TASK TO COMPLETE => Leave the pictures in the listing below aside and reproduce exactly the lines starting with the one with "All winners and" and going on through the one with "FIG. 1 Granule Adhesion Test Apparatus", both ends included.

RECORD SET =>
********
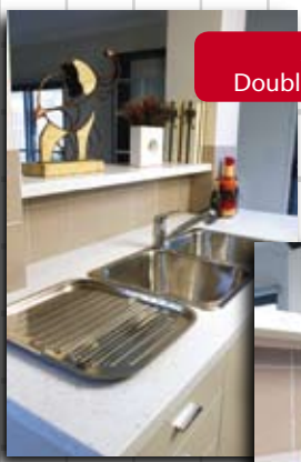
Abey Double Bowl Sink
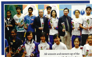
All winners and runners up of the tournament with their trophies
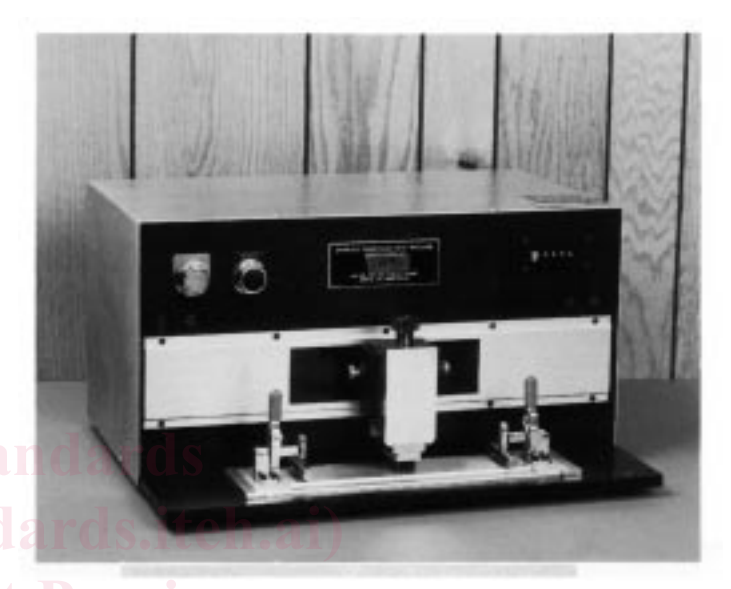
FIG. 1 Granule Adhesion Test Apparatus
********
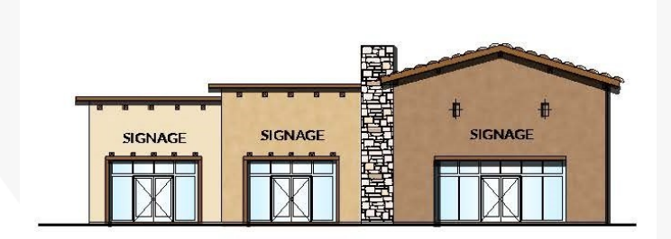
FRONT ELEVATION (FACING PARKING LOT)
********
THE COMPLETED TASK =>
All winners and runners up of the tournament with their trophies
FIG. 1 Granule Adhesion Test Apparatus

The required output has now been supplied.